Alamance commissioners rip actions of county leaders who called for Confederate monument to be moved

GRAHAM, N.C. (WTVD) -- The Confederate memorial in Graham stands like a silent sentinel outside the entrance to the Alamance County courthouse. It's a conspicuous landmark, one that many people consider a tribute to their heritage. But opponents want it removed, as Burlington Mayor Ian Baltutis told reporters Monday morning.

"We hope to protect our community from a public tragedy, related to a public safety issue that the monument is now causing in our community," said Baltutis.

He and dozens of Alamance County officials voiced their feelings on Graham's Confederate monument Monday morning, proposing the statue be moved because of concerns about violence.
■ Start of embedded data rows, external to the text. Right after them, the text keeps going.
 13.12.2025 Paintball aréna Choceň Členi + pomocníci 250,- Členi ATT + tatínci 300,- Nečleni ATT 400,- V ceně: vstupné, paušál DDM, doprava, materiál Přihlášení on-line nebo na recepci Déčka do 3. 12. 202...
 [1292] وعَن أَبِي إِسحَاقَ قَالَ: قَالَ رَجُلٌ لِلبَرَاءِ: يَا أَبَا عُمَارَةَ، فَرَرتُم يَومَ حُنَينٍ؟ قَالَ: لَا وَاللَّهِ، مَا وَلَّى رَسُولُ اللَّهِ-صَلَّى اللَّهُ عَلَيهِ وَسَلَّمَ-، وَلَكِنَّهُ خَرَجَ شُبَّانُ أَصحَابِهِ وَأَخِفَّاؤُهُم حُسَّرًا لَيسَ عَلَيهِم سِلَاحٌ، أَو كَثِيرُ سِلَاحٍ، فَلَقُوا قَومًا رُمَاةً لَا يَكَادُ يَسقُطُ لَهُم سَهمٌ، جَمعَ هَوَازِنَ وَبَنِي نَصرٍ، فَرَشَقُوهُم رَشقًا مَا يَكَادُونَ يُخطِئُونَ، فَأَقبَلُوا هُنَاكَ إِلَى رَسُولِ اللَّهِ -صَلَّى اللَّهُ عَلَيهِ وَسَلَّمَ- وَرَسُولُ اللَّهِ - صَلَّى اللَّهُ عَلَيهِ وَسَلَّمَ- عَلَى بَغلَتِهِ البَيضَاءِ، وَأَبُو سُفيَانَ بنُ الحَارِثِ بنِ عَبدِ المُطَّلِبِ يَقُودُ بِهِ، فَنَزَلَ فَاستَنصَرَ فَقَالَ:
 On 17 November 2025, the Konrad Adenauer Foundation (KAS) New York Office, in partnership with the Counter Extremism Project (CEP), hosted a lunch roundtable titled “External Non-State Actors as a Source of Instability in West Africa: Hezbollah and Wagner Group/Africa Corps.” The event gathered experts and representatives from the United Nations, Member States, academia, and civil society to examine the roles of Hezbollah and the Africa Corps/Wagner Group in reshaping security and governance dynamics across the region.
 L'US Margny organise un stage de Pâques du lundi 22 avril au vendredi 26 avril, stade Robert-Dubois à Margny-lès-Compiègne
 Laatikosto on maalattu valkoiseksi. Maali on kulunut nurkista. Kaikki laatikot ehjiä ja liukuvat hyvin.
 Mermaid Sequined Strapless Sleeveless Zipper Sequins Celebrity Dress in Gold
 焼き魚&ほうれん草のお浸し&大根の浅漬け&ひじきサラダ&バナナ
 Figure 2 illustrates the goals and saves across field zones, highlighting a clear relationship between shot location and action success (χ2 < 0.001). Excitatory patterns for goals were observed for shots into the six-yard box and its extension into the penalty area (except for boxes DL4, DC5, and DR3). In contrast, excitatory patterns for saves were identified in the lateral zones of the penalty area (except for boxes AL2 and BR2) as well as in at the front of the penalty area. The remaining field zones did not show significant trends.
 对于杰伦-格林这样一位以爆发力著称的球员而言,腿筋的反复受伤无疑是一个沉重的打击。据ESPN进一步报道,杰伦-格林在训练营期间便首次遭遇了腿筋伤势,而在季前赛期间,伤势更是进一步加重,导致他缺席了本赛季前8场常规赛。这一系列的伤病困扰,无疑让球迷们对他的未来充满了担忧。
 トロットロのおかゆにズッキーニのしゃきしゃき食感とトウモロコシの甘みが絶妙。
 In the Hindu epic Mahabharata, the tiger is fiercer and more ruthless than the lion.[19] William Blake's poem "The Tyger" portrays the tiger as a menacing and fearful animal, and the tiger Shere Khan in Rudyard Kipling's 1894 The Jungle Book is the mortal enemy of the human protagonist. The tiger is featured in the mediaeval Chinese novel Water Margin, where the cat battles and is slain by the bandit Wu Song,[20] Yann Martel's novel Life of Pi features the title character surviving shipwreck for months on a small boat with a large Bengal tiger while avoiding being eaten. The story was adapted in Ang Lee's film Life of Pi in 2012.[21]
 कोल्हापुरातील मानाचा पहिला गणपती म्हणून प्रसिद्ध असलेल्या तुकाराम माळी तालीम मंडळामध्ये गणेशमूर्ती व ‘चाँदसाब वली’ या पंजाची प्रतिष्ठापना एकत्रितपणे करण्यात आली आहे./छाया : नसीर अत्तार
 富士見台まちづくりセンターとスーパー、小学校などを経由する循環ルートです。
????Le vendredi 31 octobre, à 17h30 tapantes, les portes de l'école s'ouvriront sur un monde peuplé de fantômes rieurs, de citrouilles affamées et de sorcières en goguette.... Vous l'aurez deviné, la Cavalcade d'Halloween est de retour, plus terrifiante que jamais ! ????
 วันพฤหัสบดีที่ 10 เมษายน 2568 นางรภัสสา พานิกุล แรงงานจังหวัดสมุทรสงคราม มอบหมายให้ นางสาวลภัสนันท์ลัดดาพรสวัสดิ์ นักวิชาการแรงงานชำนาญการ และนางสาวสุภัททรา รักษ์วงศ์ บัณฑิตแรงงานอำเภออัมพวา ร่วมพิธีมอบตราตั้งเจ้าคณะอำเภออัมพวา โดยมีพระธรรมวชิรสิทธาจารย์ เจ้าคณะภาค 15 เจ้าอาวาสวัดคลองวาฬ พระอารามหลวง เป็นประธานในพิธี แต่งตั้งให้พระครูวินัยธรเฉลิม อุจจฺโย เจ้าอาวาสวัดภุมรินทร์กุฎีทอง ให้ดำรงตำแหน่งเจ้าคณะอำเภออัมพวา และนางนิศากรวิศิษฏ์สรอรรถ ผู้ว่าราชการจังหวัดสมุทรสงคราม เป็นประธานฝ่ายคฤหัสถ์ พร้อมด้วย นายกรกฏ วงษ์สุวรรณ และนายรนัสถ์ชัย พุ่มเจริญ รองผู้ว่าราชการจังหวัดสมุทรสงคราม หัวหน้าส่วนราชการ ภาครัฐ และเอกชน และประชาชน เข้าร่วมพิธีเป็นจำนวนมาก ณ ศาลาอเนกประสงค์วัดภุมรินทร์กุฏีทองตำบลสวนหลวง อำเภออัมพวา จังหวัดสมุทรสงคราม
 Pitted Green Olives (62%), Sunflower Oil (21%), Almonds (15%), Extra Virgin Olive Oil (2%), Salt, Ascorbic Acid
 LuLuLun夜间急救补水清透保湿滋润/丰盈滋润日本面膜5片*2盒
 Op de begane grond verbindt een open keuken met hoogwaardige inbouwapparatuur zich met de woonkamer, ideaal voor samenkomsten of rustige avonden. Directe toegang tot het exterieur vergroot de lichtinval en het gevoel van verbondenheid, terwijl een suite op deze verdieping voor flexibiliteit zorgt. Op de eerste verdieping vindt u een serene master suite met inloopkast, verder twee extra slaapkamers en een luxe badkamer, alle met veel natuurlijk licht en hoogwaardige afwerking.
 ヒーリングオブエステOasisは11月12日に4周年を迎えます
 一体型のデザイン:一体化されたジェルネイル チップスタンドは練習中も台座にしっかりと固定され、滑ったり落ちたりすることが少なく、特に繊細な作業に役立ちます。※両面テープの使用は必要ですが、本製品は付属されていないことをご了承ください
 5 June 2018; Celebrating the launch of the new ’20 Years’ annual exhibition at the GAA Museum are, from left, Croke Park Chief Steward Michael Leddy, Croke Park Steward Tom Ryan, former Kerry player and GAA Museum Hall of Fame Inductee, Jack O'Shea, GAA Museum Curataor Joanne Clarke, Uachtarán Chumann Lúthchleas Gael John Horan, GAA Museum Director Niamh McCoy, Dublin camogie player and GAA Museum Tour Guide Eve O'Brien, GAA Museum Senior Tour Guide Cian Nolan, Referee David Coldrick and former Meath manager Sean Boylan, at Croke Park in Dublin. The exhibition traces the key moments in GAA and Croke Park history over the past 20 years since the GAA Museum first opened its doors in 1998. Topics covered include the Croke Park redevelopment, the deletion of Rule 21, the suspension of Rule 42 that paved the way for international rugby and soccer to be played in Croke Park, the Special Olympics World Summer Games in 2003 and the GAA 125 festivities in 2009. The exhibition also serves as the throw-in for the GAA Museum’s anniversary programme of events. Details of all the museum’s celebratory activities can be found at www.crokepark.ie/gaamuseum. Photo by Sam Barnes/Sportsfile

During a meeting, many Alamance County political, educational and spiritual leaders voiced their feelings in favor of moving the structure. A joint statement penned by 50 community members -- including mayors, pastors, school board members and business owners -- said the nearly 30-foot monument "represents an ideology incompatible with equality."

Baltutis spent several minutes reading the statement that calls for the relocation of the memorial, placed there by the Graham chapter of the United Daughters of the Confederacy in 1914.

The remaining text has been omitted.